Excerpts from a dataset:

================================

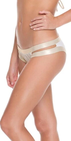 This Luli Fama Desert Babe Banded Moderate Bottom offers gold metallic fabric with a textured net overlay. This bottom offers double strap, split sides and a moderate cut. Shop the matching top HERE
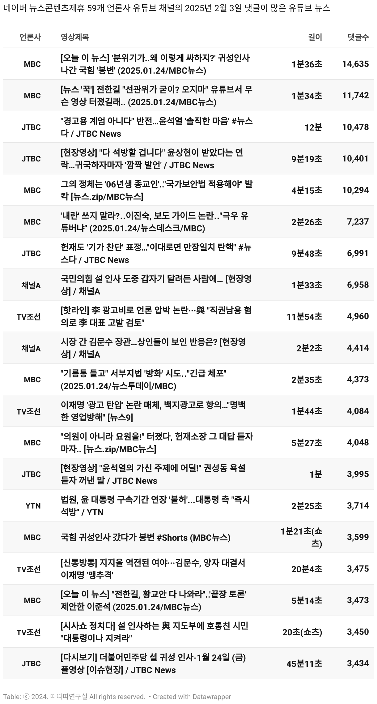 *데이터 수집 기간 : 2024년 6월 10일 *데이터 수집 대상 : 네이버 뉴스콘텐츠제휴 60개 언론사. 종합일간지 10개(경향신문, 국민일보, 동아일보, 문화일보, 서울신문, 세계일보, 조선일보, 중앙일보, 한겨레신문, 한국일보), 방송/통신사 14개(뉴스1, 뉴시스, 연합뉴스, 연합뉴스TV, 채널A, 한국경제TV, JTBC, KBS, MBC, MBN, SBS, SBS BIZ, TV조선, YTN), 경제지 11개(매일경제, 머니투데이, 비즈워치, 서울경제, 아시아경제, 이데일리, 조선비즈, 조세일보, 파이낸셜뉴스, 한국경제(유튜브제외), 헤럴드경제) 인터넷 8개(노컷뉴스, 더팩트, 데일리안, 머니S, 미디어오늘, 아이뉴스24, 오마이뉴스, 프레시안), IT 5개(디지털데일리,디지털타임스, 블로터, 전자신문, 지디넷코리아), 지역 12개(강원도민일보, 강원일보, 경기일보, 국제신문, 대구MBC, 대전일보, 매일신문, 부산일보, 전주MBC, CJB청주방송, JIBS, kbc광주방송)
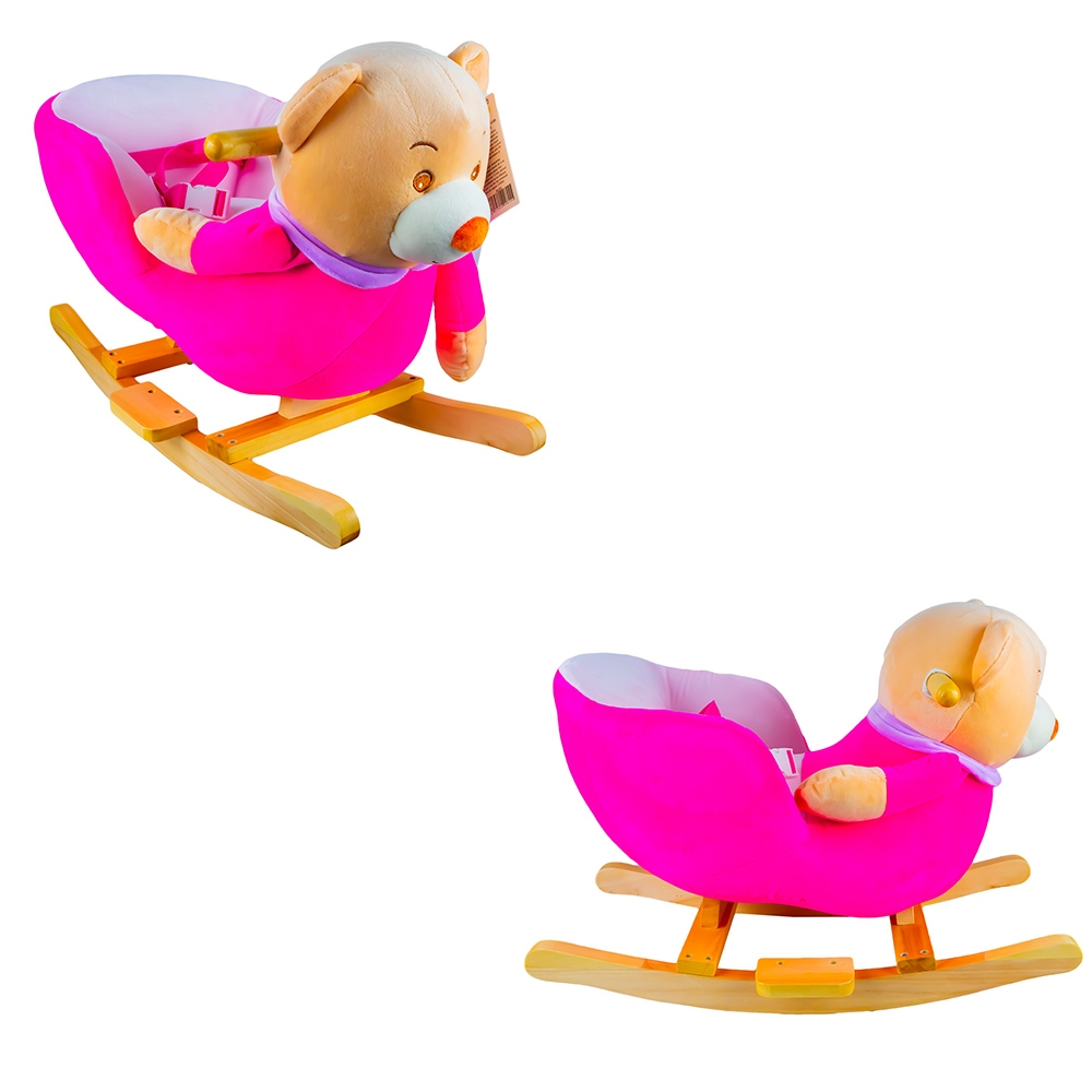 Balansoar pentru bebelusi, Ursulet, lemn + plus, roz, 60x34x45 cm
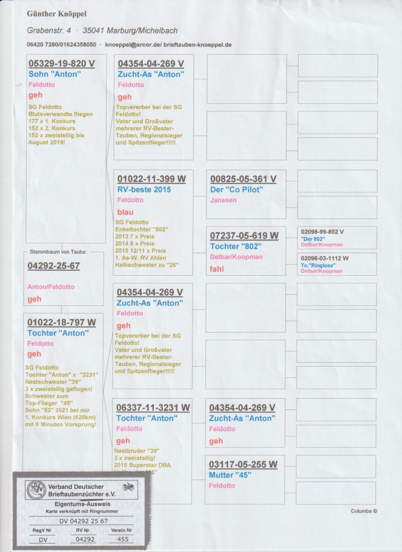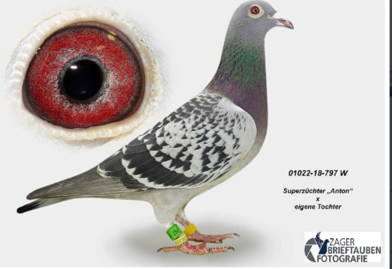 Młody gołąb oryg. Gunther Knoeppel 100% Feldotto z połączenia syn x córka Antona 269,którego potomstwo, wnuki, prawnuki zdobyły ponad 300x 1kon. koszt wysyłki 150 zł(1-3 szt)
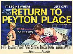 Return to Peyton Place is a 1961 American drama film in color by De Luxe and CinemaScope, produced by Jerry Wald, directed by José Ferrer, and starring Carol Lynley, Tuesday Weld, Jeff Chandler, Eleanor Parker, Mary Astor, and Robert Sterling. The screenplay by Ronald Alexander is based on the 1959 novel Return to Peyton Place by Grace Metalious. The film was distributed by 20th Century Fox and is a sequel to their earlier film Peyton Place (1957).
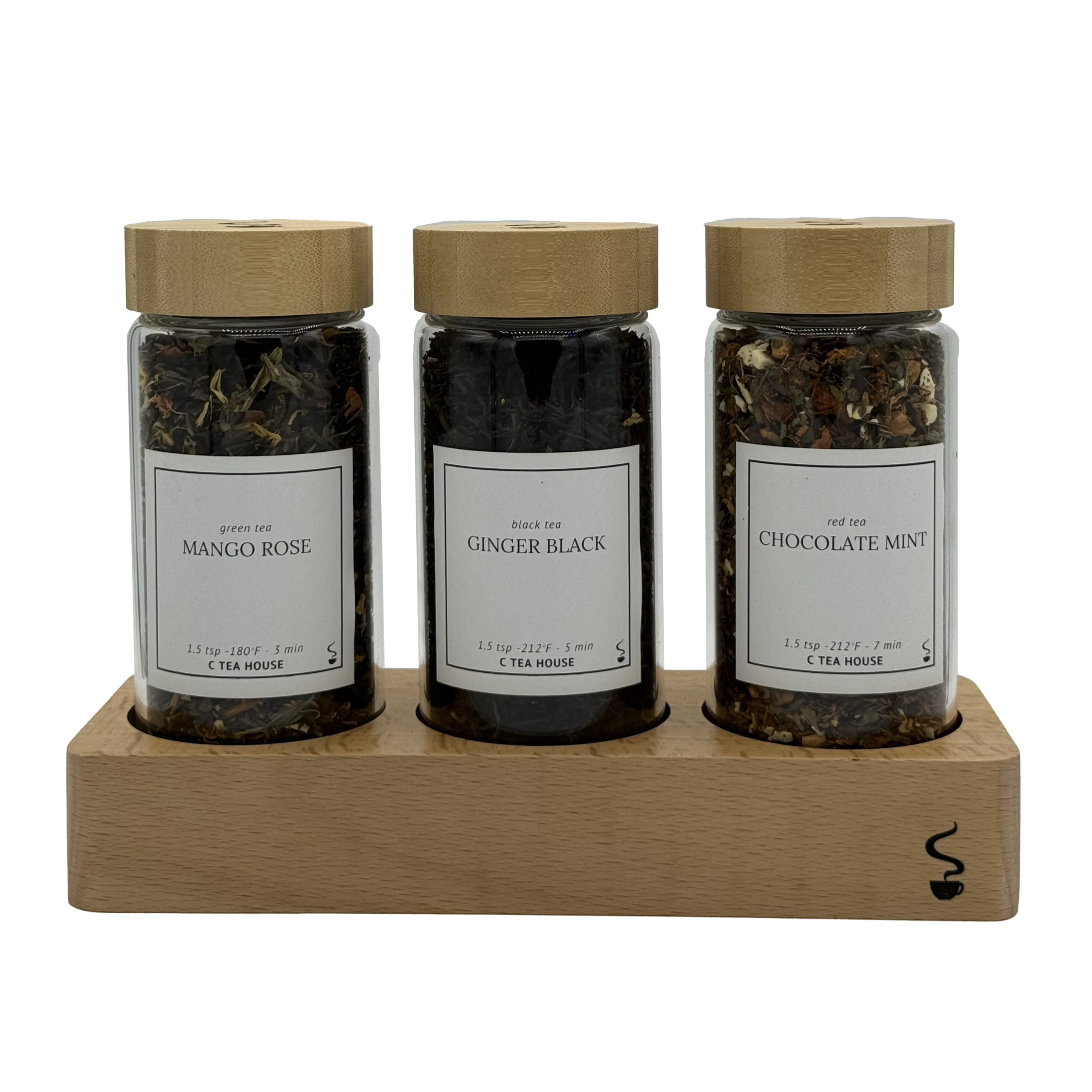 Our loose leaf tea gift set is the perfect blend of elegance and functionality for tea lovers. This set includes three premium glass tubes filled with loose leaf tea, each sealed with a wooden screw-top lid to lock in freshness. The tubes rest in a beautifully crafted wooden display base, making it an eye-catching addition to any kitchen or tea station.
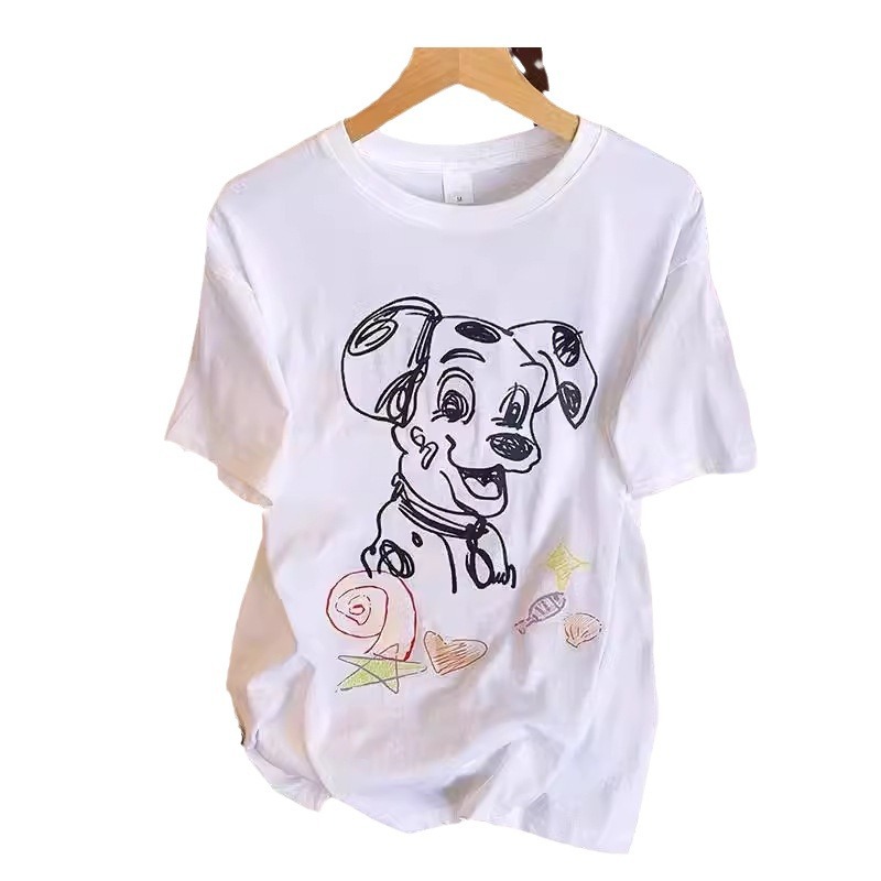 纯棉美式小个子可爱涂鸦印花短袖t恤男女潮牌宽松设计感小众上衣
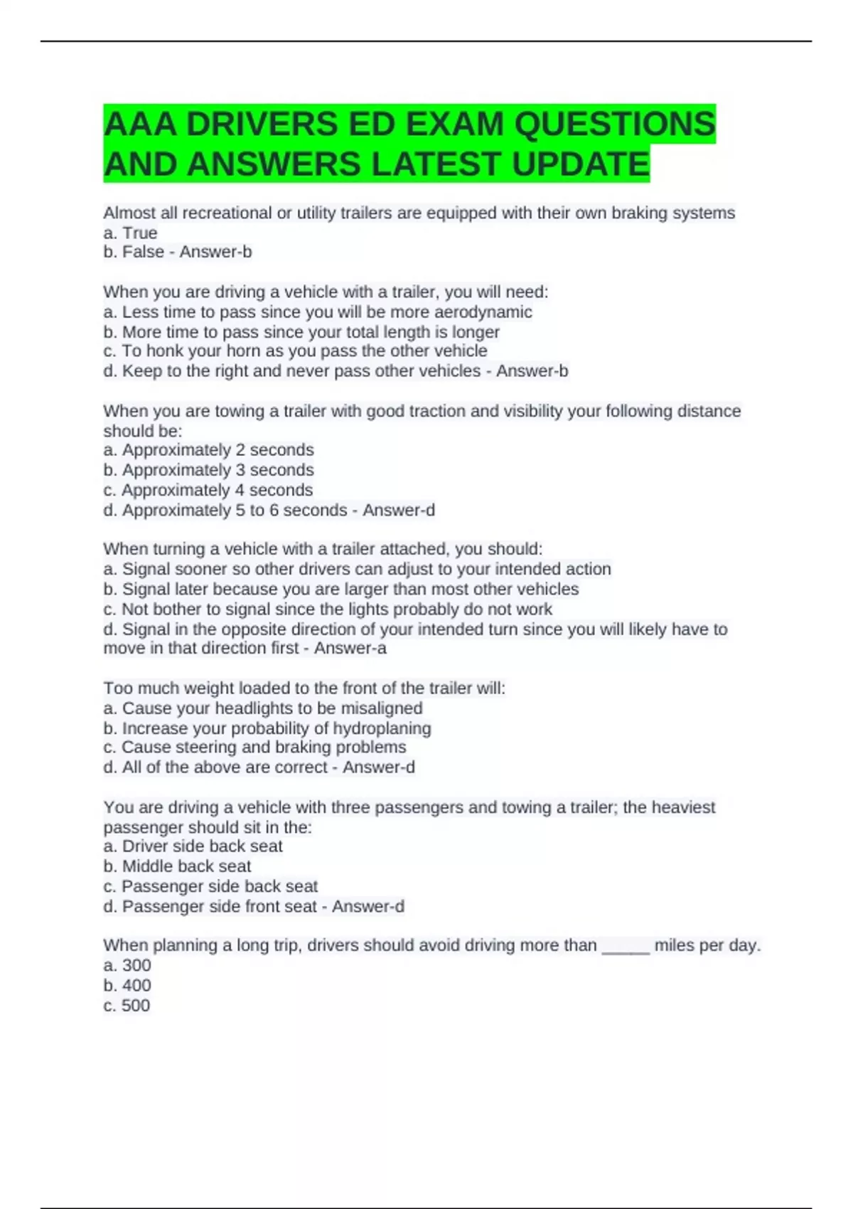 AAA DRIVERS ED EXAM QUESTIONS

================================

Retype the entries above exactly, starting at their first line and ending with the line that holds "Balansoar pentru bebelusi, Ursulet, lemn"; pictures stay out.

*Task answer*:
 This Luli Fama Desert Babe Banded Moderate Bottom offers gold metallic fabric with a textured net overlay. This bottom offers double strap, split sides and a moderate cut. Shop the matching top HERE
 *데이터 수집 기간 : 2024년 6월 10일 *데이터 수집 대상 : 네이버 뉴스콘텐츠제휴 60개 언론사. 종합일간지 10개(경향신문, 국민일보, 동아일보, 문화일보, 서울신문, 세계일보, 조선일보, 중앙일보, 한겨레신문, 한국일보), 방송/통신사 14개(뉴스1, 뉴시스, 연합뉴스, 연합뉴스TV, 채널A, 한국경제TV, JTBC, KBS, MBC, MBN, SBS, SBS BIZ, TV조선, YTN), 경제지 11개(매일경제, 머니투데이, 비즈워치, 서울경제, 아시아경제, 이데일리, 조선비즈, 조세일보, 파이낸셜뉴스, 한국경제(유튜브제외), 헤럴드경제) 인터넷 8개(노컷뉴스, 더팩트, 데일리안, 머니S, 미디어오늘, 아이뉴스24, 오마이뉴스, 프레시안), IT 5개(디지털데일리,디지털타임스, 블로터, 전자신문, 지디넷코리아), 지역 12개(강원도민일보, 강원일보, 경기일보, 국제신문, 대구MBC, 대전일보, 매일신문, 부산일보, 전주MBC, CJB청주방송, JIBS, kbc광주방송)
 Balansoar pentru bebelusi, Ursulet, lemn + plus, roz, 60x34x45 cm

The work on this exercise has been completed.